Regarding the recent actions from the EU on human rights with Vietnam, an analyst and observer of Vietnamese politics from Hanoi on the occasion commented:
“The fact that 64 MPs of the European parliament made a request letter to Mr. Josep Borrell Fontelles – Senior Representative for Foreign Affairs and Security Policy / Vice President of the European Commission, co-sent to Mr. David Sassoli – President of the European Parliament and many other EU officials and requested three points related to the Vietnamese government’s arrest of freelance journalist Pham Chi Dung, Dong Tam case and Vietnam’s human rights record, are three a procedural request for the European Parliament to respond to them and take action,” Dr. Ha Hoang Hop, guest senior researcher at the Iseas-Singapore Institute, told the BBC on September 30.
“The first action is that the European Parliament needs to explain its position, second is a request to establish an observing body for the implementation of human rights regulations that follow the implementation of the EU-Vietnam Trade Agreement (EVFTA).”
“This is a procedural step but it is certain that in the near future the European Parliament will have to respond by action according to the requirements of these 64 MPs.”
“In my opinion this is a very strong move, but for the first time such a strong move was made for the arrest of people by the Vietnamese government, for the case of Pham Chi Dung and for the events that happened around the Dong Tam case.”
“By the way, I comment on the question related to the possibility of issuing a Resolution, to have a resolution, the congressmen must have a procedure, which 64 MPs have already done, the public will wait for one. We will see how the Council of the European Parliament will act.

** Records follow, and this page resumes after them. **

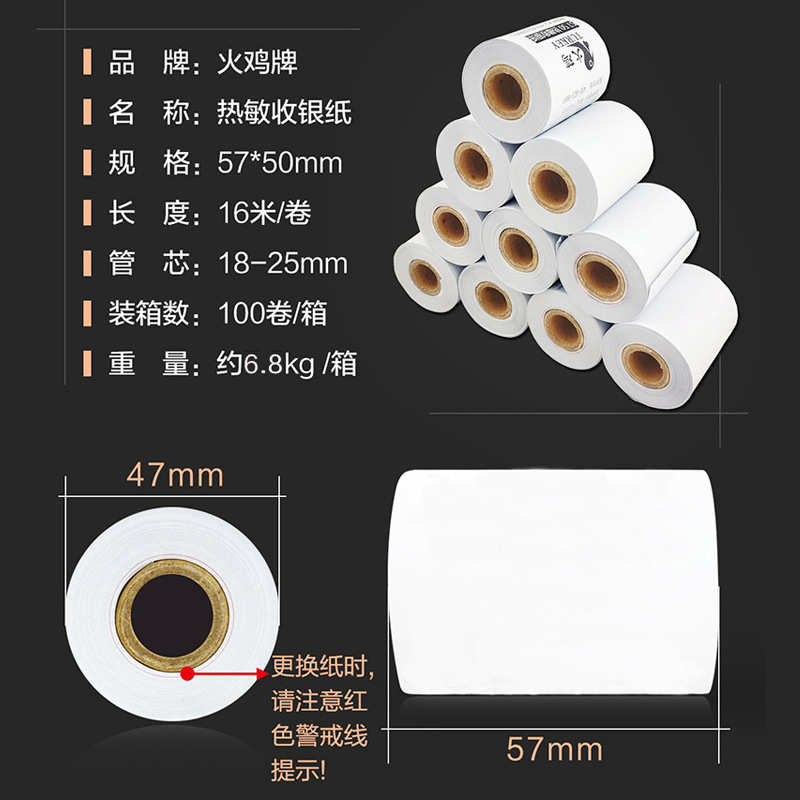 火鸡三防热敏收银纸57*50外卖打单纸超市小票打印纸贴纸厂家批发
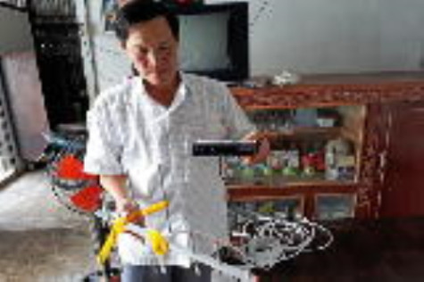 | Ông Lê Văn Cường bên thiết bị đầu thu kỹ thuật số mặt đất với giá 1,2 triệu đồng. |
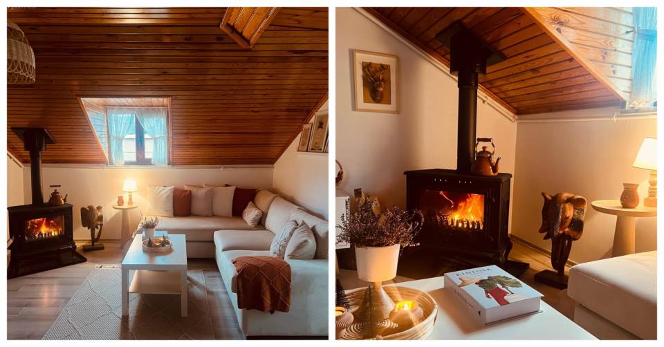 Taş duvarlara en çok ahşabın yakışacağını iyi bilen ev sahibimiz, ahşap bir pergola ile tavanı kaplamış. Boydan boya pencerelerle de aydınlık sağlanmış.

“It is also possible that they will issue a Resolution and a resolution which is the highest step for the European Parliament, but we should remember that the European Parliament has a right that is the right to impose related sanctions to human rights violations.”
“Along with the European Parliament, the European Union has that same authority and as we know the European Union recently, on September 27, 2020, reiterating what I think is very important to reassert the right to issue and implement sanctions for human rights violations.”
In a separate recent development, on September 30, a senior UN official, Ms. Ilze Brands Kehris, Assistant Secretary General of the United Nations for Human Rights, presented a report on “threats and reprisals” this year at the 45th session of the Human Rights Council of this organization.
In particular, Ms. Kehris quoted the report saying that Vietnam is among the countries “with worrying and persistent violations for many years.”
At a session streamed by the UN from Geneva, Switzerland, the official said:
“Many UN reporters have brought up allegations of individuals in the repressed environment that lasted for many years, included in this year’s report, for example in Bahrain, Burundi, China, Cuba, Egypt, India, Iran, Myanmar, Saudi Arabia, Uzbekistan and Vietnam, and others.”
“In the face of these many worrying situations, we must work together to preserve and expand the spaces of UN interaction and intervention,” recommended the Assistant Secretary-General of the United Nations for human rights.
For their part, up to now, the state and governments at all levels of Vietnam have always declared that this country always complies with laws, conventions, and agreements signed with international and regional human rights such as respecting the human rights of citizens.
Vietnam has no political prisoners and prisoners of conscience, but only those who are legally punished by the government for violating the law and criminal law, the government’s views are clearly stated in its statements and official reporting, as well as through the media and official state media.